这种诡异的静默,比任何严厉的呵斥都更让人胆寒。
终于,刘瀚文有动作了。
他转身回到椅子上。
柳秘书趁机问道:“首长,小陆在平恩地区干的事情,是不是有点过火了?”
刘瀚文道:“何止过火,他这个事弄不好会是政治事故。”
柳秘书又问道:“那武德殿为什么没有任何表示?”
“因为王首席是想转头的。

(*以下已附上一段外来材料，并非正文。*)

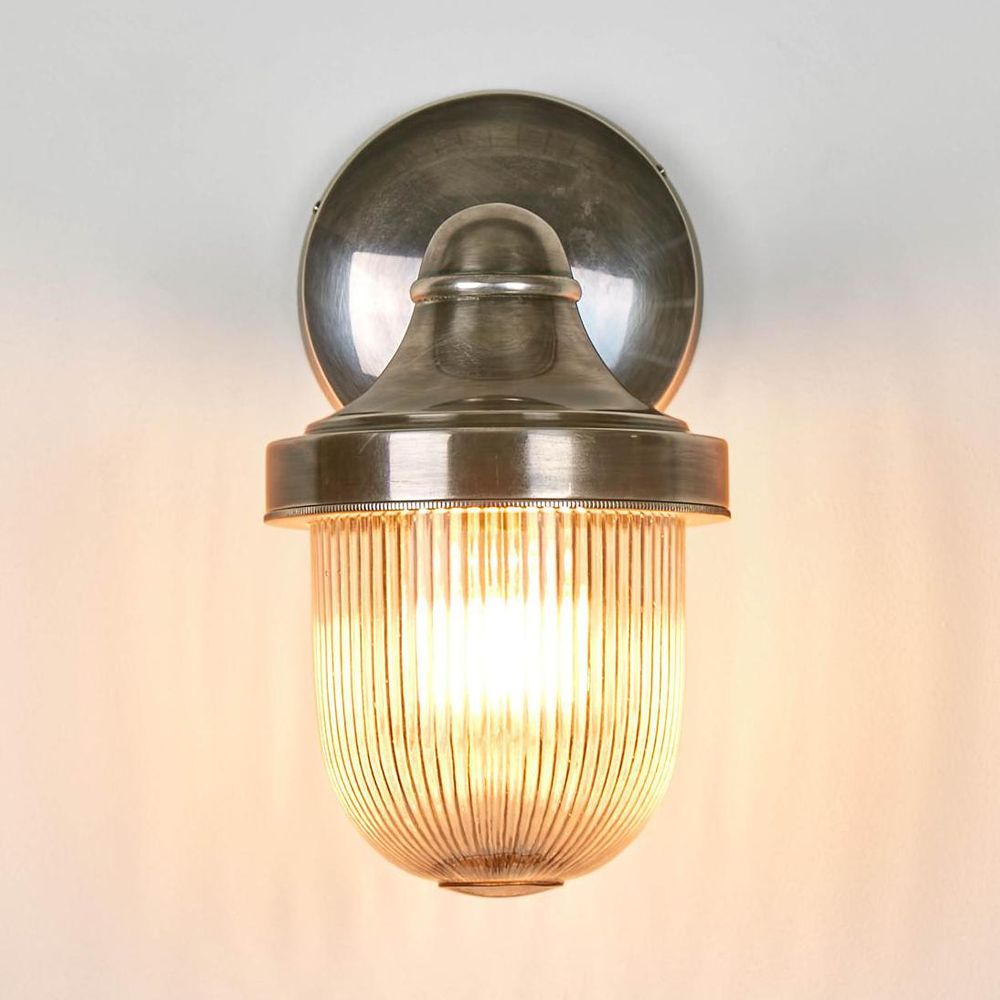 Our Jade Outdoor Wall Light Silver is an elegant and stylish lamp designed for outdoor use. The lamp has a classic and timeless design with a silver finish that adds a touch of sophistication to any outdoor space. The lamp measures 25cm in height, 13cm in width, and 13cm in depth, making it the perfect size for most outdoor walls. The lamp has a round shape with closed rib glass and it is made from brass metal to ensure durability and longevity. The Jade Outdoor Wall Light Silver features a clear glass diffuser that provides a bright and even light to illuminate your outdoor area. The lamp uses a single E27 light bulb, which is not included, allowing you to choose the brightness and color temperature that best suits your needs. The lamp is easy to install and comes with all the necessary hardware for a hassle-free installation. It is also weather-resistant, making it suitable for use in outdoor spaces exposed to rain and other elements. Overall, the Jade Outdoor Wall Light Silver is a beautiful and functional outdoor lamp that combines style and durability, making it a great addition to any outdoor space. ADDITIONAL FEATURES * The lamp holder takes E27 globe max 40w * IP-rated 54 certified suited for outdoor use * Standard Australian domestic fitting * Crafted from solid brass with seamless design [download spec sheet]

”刘瀚文举例,“就像我没有第一时间安排陆昭去联合组一样,我得先试试联合组的深水区。”
“陆昭这一次服软,可以给后续的服软提供解释。”
柳秘书立马明白了。
如果陆昭这一次通过谈判解决问题,那么后续都能进行效仿。
武力永远是最后手段。
之前武力镇压就是联邦没有其他方法能够安抚邦民。
资源是主要,管理成本是其次。
“小陆,为什么要这么做,也是王首席的指示吗?”
柳秘书又引入了另一个问题。
他怀疑陆昭与王首席有联系,否则想不出来为什么要这么干。
或许王首席把特区的位置许诺给了陆昭。
“我想应该没有,这全是他个人行为。”
刘瀚文摇头笃定。
他与陆昭不合,但又对他的种种行径莫名能理解。
陆昭这么做是因为他依旧信仰着黄金精神。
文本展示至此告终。